_Stored entries:_
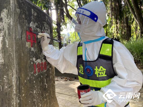 界碑前,民警们小心翼翼地清扫界碑,对界碑上的“中国”字样和编号细心地描红,使界碑始终干净靓丽,中国更“红”。与界碑为伴、与国旗同框、与中国合影,用顽强的坚守,向祖国深情告白!
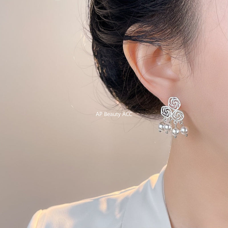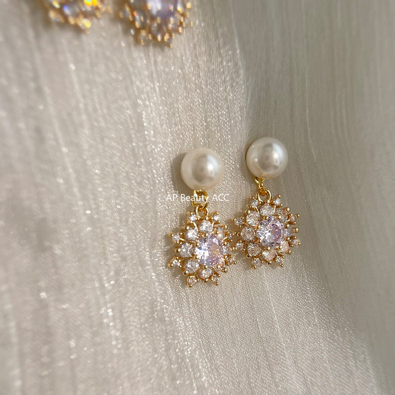 C관 - 925 은침 눈꽃 큐빅 진주 핸드메이드 귀걸이 [7078] 25.11-2
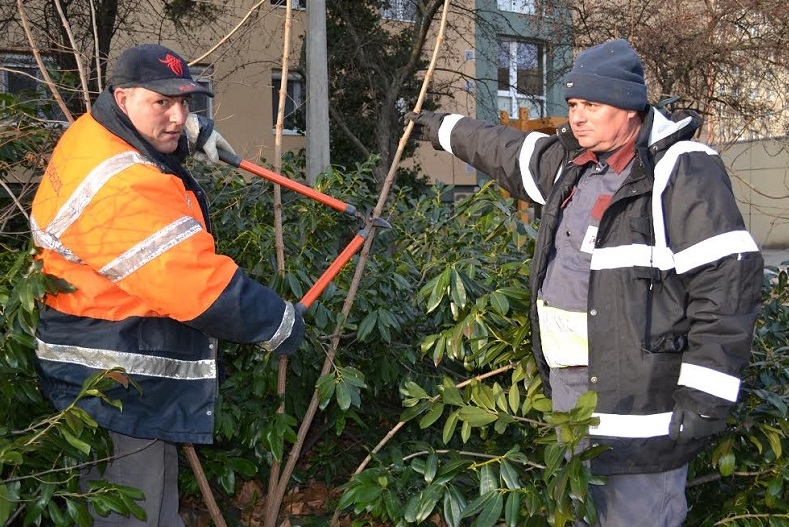 A cserjék szakszerű visszavágása mellett zajlik a városi faállomány gondozása is.
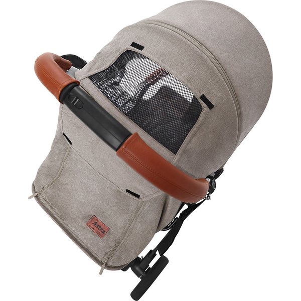 Obszerny daszek przeciwsłoneczny z dużym okienkiem wentylacyjnym chroni przed słońcem i deszczem. Trwała tapicerka posiada impregnację i ochronę przed kapaniem.
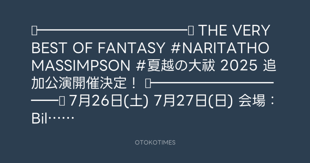 【新規公演決定】 〈追加公演〉NARITA THOMAS SIMPSONKURE Presents THE VERY BEST... -
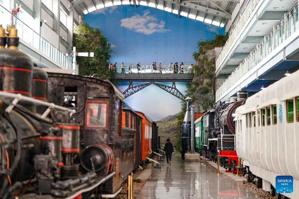 People visit Yunnan Railway Museum in Kunming, southwest China's Yunnan Province, May 14, 2025. Housed in Kunming North Railway Station, the Yunnan Railway Museum takes the century-long development history of Yunnan railway as the leading story line to narrate the frog-leaping evolution railway gauge standards from meter gauge to inch gauge, and standard gauge, as well as railway technologies from steam locomotives to high-speed rails. (Xinhua/Chen Xinbo)
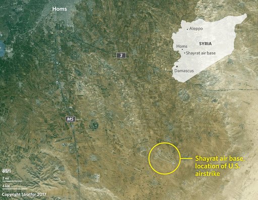 #Shayrat air base,#Syria. It's where#Washington launched approximately 50-70 precision-guided missiles. http://social.stratfor.com/tgbE30aE9N5 pic.twitter.com/ze6r71Qtbg

_DIRECTIONS FOR THIS TASK:_ The job here is to retype the data exactly, with no pictures included.

_REPLY:_
 界碑前,民警们小心翼翼地清扫界碑,对界碑上的“中国”字样和编号细心地描红,使界碑始终干净靓丽,中国更“红”。与界碑为伴、与国旗同框、与中国合影,用顽强的坚守,向祖国深情告白!
 C관 - 925 은침 눈꽃 큐빅 진주 핸드메이드 귀걸이 [7078] 25.11-2
 A cserjék szakszerű visszavágása mellett zajlik a városi faállomány gondozása is.
 Obszerny daszek przeciwsłoneczny z dużym okienkiem wentylacyjnym chroni przed słońcem i deszczem. Trwała tapicerka posiada impregnację i ochronę przed kapaniem.
 【新規公演決定】 〈追加公演〉NARITA THOMAS SIMPSONKURE Presents THE VERY BEST... -
 People visit Yunnan Railway Museum in Kunming, southwest China's Yunnan Province, May 14, 2025. Housed in Kunming North Railway Station, the Yunnan Railway Museum takes the century-long development history of Yunnan railway as the leading story line to narrate the frog-leaping evolution railway gauge standards from meter gauge to inch gauge, and standard gauge, as well as railway technologies from steam locomotives to high-speed rails. (Xinhua/Chen Xinbo)
 #Shayrat air base,#Syria. It's where#Washington launched approximately 50-70 precision-guided missiles. http://social.stratfor.com/tgbE30aE9N5 pic.twitter.com/ze6r71Qtbg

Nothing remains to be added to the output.